Raintree Family Office committed a third of the family’s wealth at the time – around 1.2 billion rupees ($13 million) – to businesses and ideas focused on responsible consumption, circularity and sustainable tech solutions.

“We have flexibility to go as deep and long-term as we want in solving problems,” says Dandekar.

The family also set up the Raintree Foundation for philanthropic climate action.

Recycling impact capital

The Dandekars invest directly in the businesses and solutions that interest them. They have an in-house team that analyzes potential investments. They capped the early portfolio at seven to eight investments to make it manageable for a small team. That in turn means writing checks of $1 million to $7 million for growth-stage businesses rather than early-stage.

“You need maturity in a business to be able to take that ticket size,” says Dandekar.

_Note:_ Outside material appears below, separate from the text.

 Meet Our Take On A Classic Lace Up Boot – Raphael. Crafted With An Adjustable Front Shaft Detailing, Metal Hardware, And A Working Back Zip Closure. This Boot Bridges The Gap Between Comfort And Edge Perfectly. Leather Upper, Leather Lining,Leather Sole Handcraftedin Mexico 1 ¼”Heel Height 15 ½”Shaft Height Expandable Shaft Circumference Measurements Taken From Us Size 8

Its portfolio includes Proklean, a startup that uses consortium bacteria to replace chemicals in textile, leather and other industries. The family made a $4 million investment in 2023.

They have also invested in Smart Joules, an energy assessment and retrofitting company that helps businesses curb energy waste, and Sedemac, an engineering company which makes products that improve fuel efficiency and reduce emissions.

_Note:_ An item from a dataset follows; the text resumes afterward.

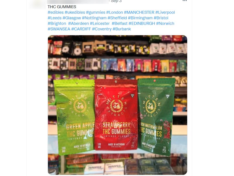 Kërkimi në Telegram për fjalën “gummies” sjell shumë grupe ku ëmbëlsirat mund të blihen për vetëm 5 £. Një grup ka 62,000 abonentë dhe dy të tjerë kanë pothuajse 30,000 dhe 16,000 abonentë secili.

Raintree family office has also notched several exits and is evaluating new investments, including a biogas business.

Dandekar says the family is aiming for about a 15% return on their impact portfolio. The goal is to grow the impact portfolio with a moderate risk profile and reinvest in other impact projects.

“It should be like a revolving fund,” she says.

The family has opted not to invest in funds because most climate impact funds they identified were too early-stage or lacked the track record they wanted to see. 

“If you decide to back early-stage then you’re doing extreme speculation,” says Dandekar, which felt too risky for the family. 

Systemic shifts

The Dandekars’ journey into impact investment began with a list of where not to invest the family money. They immediately ruled out silver and gold – traditionally popular investments in India – because the family wanted to avoid extractive industries.

They then scanned for positive environmental, social and governance, or ESG, factors, and invested in a fund of funds that tracks with the World Bank’s ESG norms.

“But ‘do no harm’ is not good enough,” says Dandekar. Wealthy families like hers, she says “have the power to actually drive change.” 

With its early impact portfolio underway, the family is beginning to look at investment opportunities outside of India. The family wants geographical diversification, but also for exposure to green sectors that are less established in India, like green logistics, Dandekar says.

Meanwhile, with the Raintree Foundation, the family supports climate initiatives that don’t fit its investment model. It’s funding a landscape restoration project in India’s Western Ghats mountain range, for example, where the work involves helping restore water security and biodiversity. It’s expected to be a 10 to 20 year initiative, Dandekar says.

The foundation is also supporting capacity development for local communities to steward the restored landscape and build more resilient livelihoods from the land, especially for women.

The Dandekars commit at least $1 million each year to the foundation and are now looking to work with other donors to incubate local small enterprises in these climate-affected regions.

“There is a possibility to embed for-profit inside the non-for-profit as well,” says Dandekar.

The Dandekars’ see such a mix of capital as necessary to addressing the climate crisis; philanthropy alone isn’t enough when whole economic systems need a reset, says Leena. “We want to influence industries and economic measures.”